* Requirement:
From the line with "Ο Αντικαρκινικός Σύνδεσμος" to the line with "此次科创板IPO,百奥赛图拟", retype each line exactly as it stands in the records below, but skip the pictures.

* Supplied records:
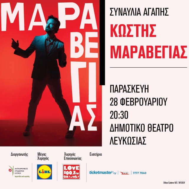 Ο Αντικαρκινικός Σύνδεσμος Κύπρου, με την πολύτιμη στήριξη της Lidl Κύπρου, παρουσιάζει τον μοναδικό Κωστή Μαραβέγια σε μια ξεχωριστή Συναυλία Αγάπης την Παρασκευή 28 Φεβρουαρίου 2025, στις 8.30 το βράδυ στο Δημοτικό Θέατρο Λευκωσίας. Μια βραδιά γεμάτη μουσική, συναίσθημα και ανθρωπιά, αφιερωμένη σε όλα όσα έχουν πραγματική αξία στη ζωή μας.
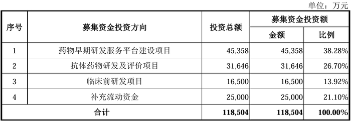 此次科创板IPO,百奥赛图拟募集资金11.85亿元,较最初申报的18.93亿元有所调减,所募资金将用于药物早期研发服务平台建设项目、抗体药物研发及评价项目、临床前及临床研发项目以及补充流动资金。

--

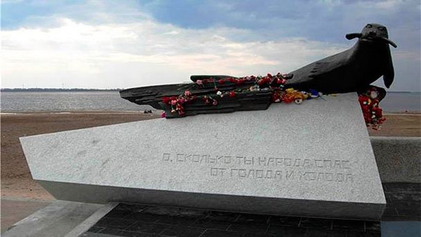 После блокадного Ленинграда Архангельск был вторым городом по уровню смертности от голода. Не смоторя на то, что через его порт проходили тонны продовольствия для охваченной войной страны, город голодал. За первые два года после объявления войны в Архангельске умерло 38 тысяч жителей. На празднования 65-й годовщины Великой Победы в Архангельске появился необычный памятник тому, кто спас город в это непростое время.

* Answer section:
 Ο Αντικαρκινικός Σύνδεσμος Κύπρου, με την πολύτιμη στήριξη της Lidl Κύπρου, παρουσιάζει τον μοναδικό Κωστή Μαραβέγια σε μια ξεχωριστή Συναυλία Αγάπης την Παρασκευή 28 Φεβρουαρίου 2025, στις 8.30 το βράδυ στο Δημοτικό Θέατρο Λευκωσίας. Μια βραδιά γεμάτη μουσική, συναίσθημα και ανθρωπιά, αφιερωμένη σε όλα όσα έχουν πραγματική αξία στη ζωή μας.
 此次科创板IPO,百奥赛图拟募集资金11.85亿元,较最初申报的18.93亿元有所调减,所募资金将用于药物早期研发服务平台建设项目、抗体药物研发及评价项目、临床前及临床研发项目以及补充流动资金。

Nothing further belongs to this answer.